Imagine your child has a back handspring and has been doing them for months now, but all of a sudden one day they are incapable of doing it without assistance. They are unsure of what is going on, but you can see that this is frustrating them. Quite frankly, it’s frustrating you as a parent too. In fact, you’ve seen this skills so many times in your backyard and living room, that you know your child is pulling one over on you. So you tell her to, “Do it!”
Your child gets upset. She says she physically can’t do a back handspring. After practice you try to ask what happened and they are unable to give you a reason other than, “I just can’t,” or “My body wouldn’t let me.” This makes no sense. Within minutes, you find yourself arguing with your child about what is wrong only further upsetting you and your child. This whole process is not only frustrating for you as the parent, the coach, but also the athlete.

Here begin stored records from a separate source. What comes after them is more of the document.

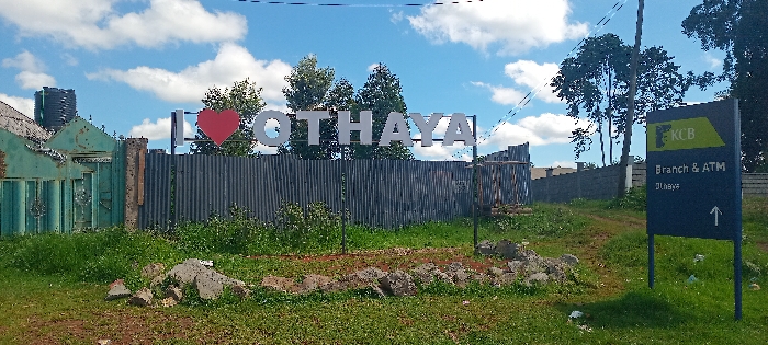 sign in Othaya, Kenya, located at the coordinates -0.562, 36.941. The sign reads "I LOVE OTHAYA" with a large red heart in the middle. The sign is made of white letters on a white background and is mounted on a metal pole in front of a corrugated metal fence. The fence is partially obscured by green grass and small trees. There is also a KCB bank sign pointing towards a branch and ATM. The sign is located on the side of a dirt road and is surrounded by green grass and some rocks. The background shows a blue sky with white clouds, and some trees are in the background on the right side of the image.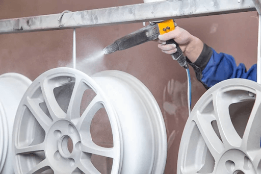 2. The powder is sprayed onto the part using an electrostatic spray gun. The gun charges the powder so that it gets attracted to the surface.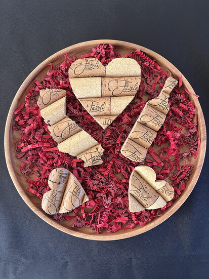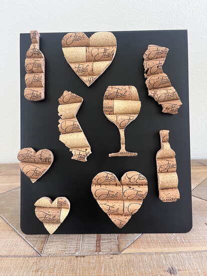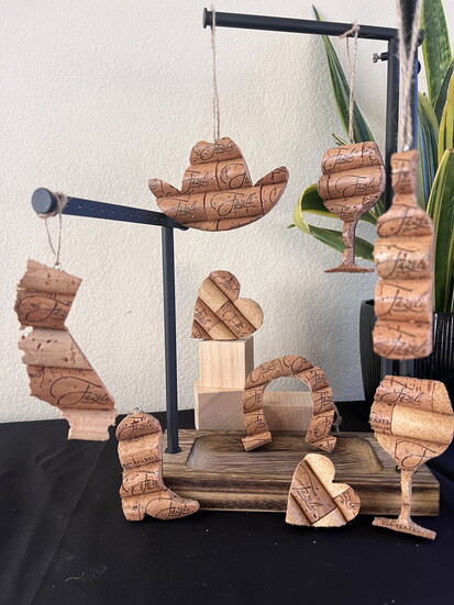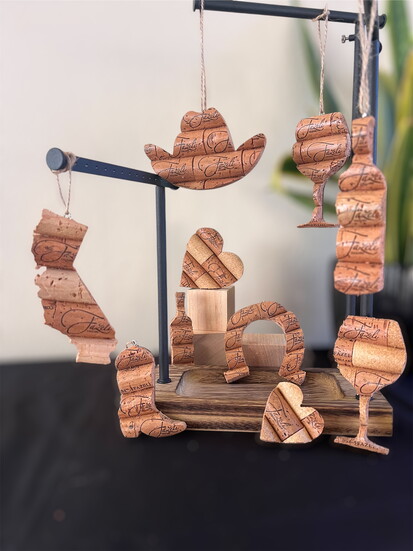 Each piece is handcrafted, shaped into hearts, wine bottles, glasses, and even California silhouettes. These designs don’t just decorate — they tell a story. Every cork carries the memory of a shared toast, a celebration, or a quiet evening, and Isabel repurposes them into timeless keepsakes.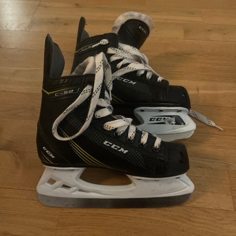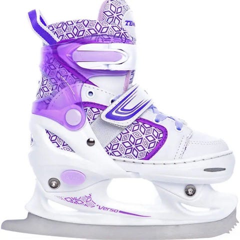 CCM barneskøyte for ishockey, størrelse 32. Skøytene har en kombinasjon av hvit og lilla farge med stjernemønster, og er designet for barn.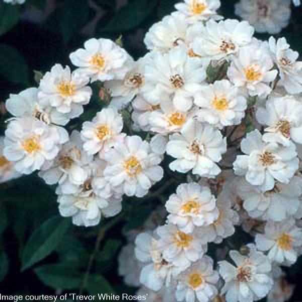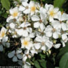 Rosa ‘The Garland’; ‘Rambler’ A vigorous spreading rambler. Masses of small semi-double creamy-white tinted pink daisy like flws in mid-summer. Scents of orange. Ht 4.5m x 3m. Lovely growing through trees or shrubs. Shade tolerant. Very hardy.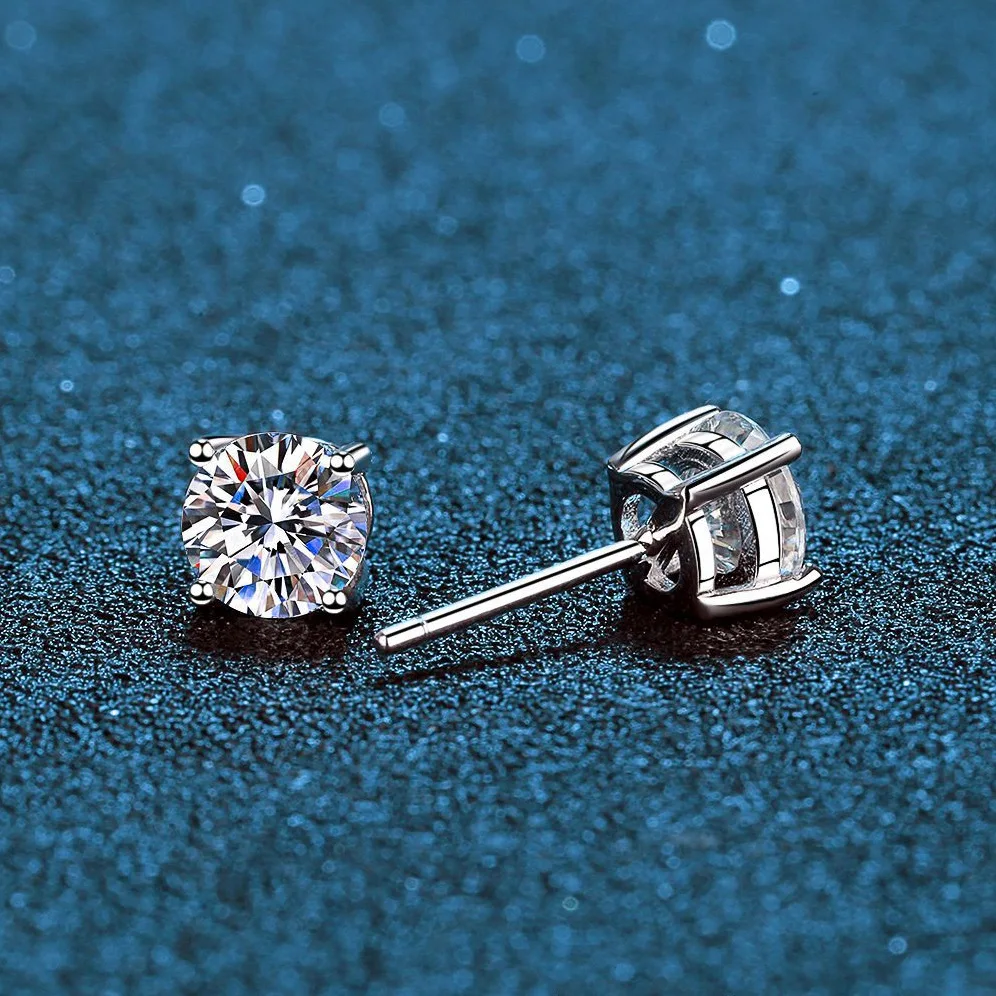 Классический 925 стерлингового серебра 0,3-2Ct D Цвет круглые серьги с муассанитом для женщин, хорошее ювелирное изделие, Настоящее простой платиной Серьги-гвоздики, высокое качество, прекрасный подарок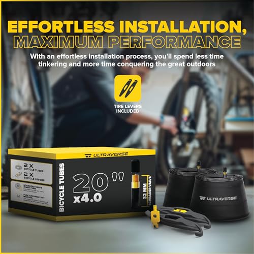 Ultraverse 20 x 4.0 Inner Tube Set with Schrader Valve - Ideal for Mountain Bikes & E-Bikes with 20-Inch Fat Tires - Durable & Reliable Performance- 2 Pack with Tyre Levers, Black, 20 inch x 4.0 Item Sku: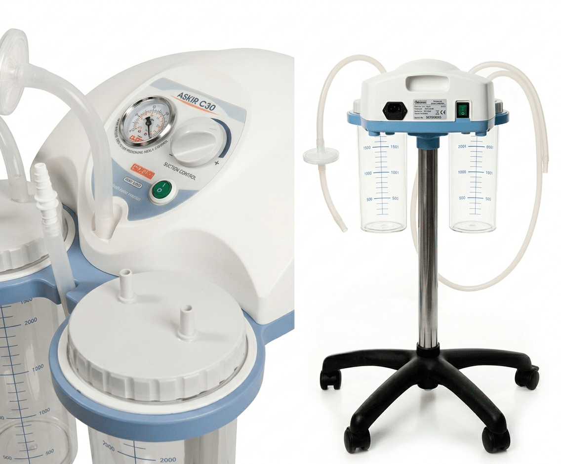 أما جهاز شفاط العمليات الجراحية ASKIR HOSPIVAC فيتميز بتوازن جيد بين قوة الشفط وسعة الحاوية وسهولة الاستخدام، مما يجعله مناسبًا للعديد من التطبيقات الطبية.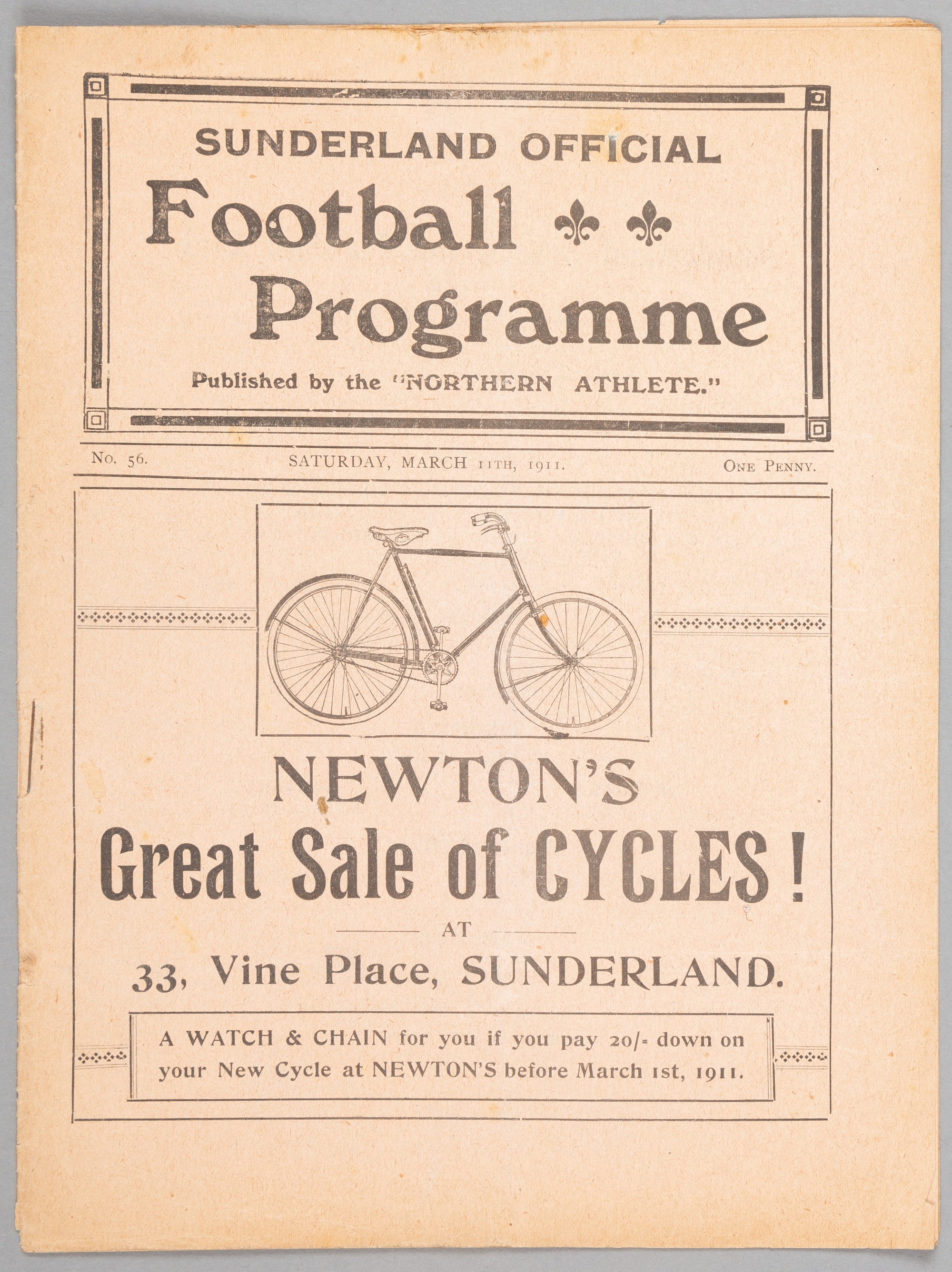 Sunderland v The [Sheffield] Wednesday programme 11th Mach 1911, F.L. Division One fixture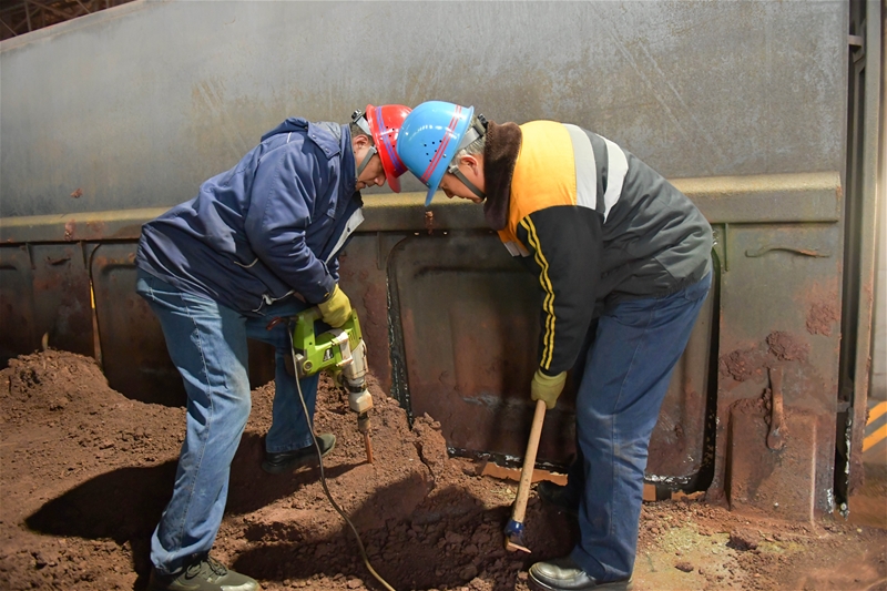 “这是巴西混合粉,粘度高,水分大,冻结程度比较严重,”说着,突击队成员纷纷舞动着手中的铁锨,大锤,洋镐,试图将一块块僵硬的冻矿从车皮上“砸落”下来 太阳成集团官方版,但在零下13度的极寒天气,在敞车里经历长途运输的巴西混合粉早已冻成硬块,“今天的矿很硬,用铁锤,洋镐根本撬不动,”早晨八点,火车车厢里没有矿粉的地方依附着厚厚的一层冰,站在车厢里干活,不一会手脚都冻麻了,矿粉太硬,即使大家竭尽全力,矿粉还是岿然不动,“马上联系使用电镐,”现场调度人员说道,待电镐送来后,只见党员刘少平迅速接过电镐,随着“突突突”的声音,电镐成功钻进厚达40公分的矿粉中,一个“洞”,两个“洞”……经过一番攻坚,刘少平便将跟前的矿粉打成了“筛板”,随即用电镐从矿粉的底部钻起,就这样,“硬骨头”成功被“啃下”,在旁边拿铁锨的同志们配合着挥动铁锨,将矿粉锨出车厢……半天后,破矿作业还在进行,电镐,大锤,洋镐,铁锨,这些工器具交替使用,突击队成员相互配合,攻克了一车又一车冻矿,他们头上也早已腾起股股热气,与严寒的天气形成鲜明对比。

What a Mental Block is….And What it is Not.
A mental block is not an athletes’ stubbornness to not perform a skill, but rather they have a chemical imbalance within their brain. This is a classic case of “fight” or “flight”. In the child’s brain, they are “fleeing” from a dangerous action as if they’ve never done a back handspring before. Knowledge and memory tells us we have. Intuition tells us this is a dangerous skill that our body shouldn’t attempt. A series of events have led up to this moment and have programmed the brain to respond to this skill in a manor of fear.
Fight, Flight or Freeze
Fear releases a chemical in the brain that tells our body is in danger. This is a natural response to situations where our brain sees something detrimental to the health of the athlete; causing the athlete to fight, flight or freeze. Most athletes will freeze and not perform the skill. Like in a situation with post traumatic stress, the athlete draws a blank. She cannot force her body to do the skill.
Others can experience flight where they will avoid the skill all together, and finally fight, where the athlete will lash out at their coach or parents because they do not want to perform the skill. While this chemical imbalance is emotionally challenging, it can repair back to normal.
How do you get a Mental Block?
Mental blocks most often occur when an athlete is recovering from an injury or had a scary fall (even if they did not get injured). An athlete’s brain will remember the injury and prevent them from performing their skills again because they don’t want to get hurt again. The injury could have happened recently, or more often than not, the injury or “scare” happened weeks or months ago. These same athletes develop mental blocks because they expect to pick up right where they left off and that is not always possible.
If you were out for an extended period of time how can you expect your body to perform at a level your were at when you were healthy?
For athletes who are currently injured here are five tips for preventing a mental block when you are healthy again.
#1 Stay Conditioned
Work on your core and cardio as much as the doctor allows Focus on an area you are weak in (shoulder strength or flexibility, for example) and work on it in your down time.
Prepare and focus to flip again. Watch videos of you tumbling before your injury or videos of these skills you are preparing to work on again.
#3 Set Realistic Expectations
It is unrealistic to expect you’ll pick up RIGHT where you left off. It is realistic however, to recognize how your body feels and know that you’re likely to progress a little every day.
#4 Pace Yourself
Allow your fight or flight response to acclimate itself again with your tumbling. Start with the basics and build up from there.
#5 Coaches and Parents Be Supportive and Eliminate Pressure
If athletes don’t have time to prepare their bodies mentally and physically they are more likely to experience mental blocks. No matter the injury of the athlete there are always step that can and should be taken to help them grow and sustain a healthy mind and body.
During a true mental block, you will be exhausted, because you just want your child to succeed and take away all the pain they feel during this frustrating time. Taking small steps and recognize that the progress is one of the best things we can do for our athletes. There is no miracle fix to getting over a mental block; our athletes need time to retrain their brain to remove the fear that is stopping them from succeeding.
During times athletes experience mental blocks I have seen parents dangle incentives in front of their child assuming that this will fix the problem. Promising your child an iPhone or $100 if they get their skills back will only cause more stress and pressure on the child. They will be so consumed by their reward they will not be able to give all their focus on fixing the issue. Remember – they want their skills back even more than you do.
Stay positive and trust the process. Your athletes will be glad you did.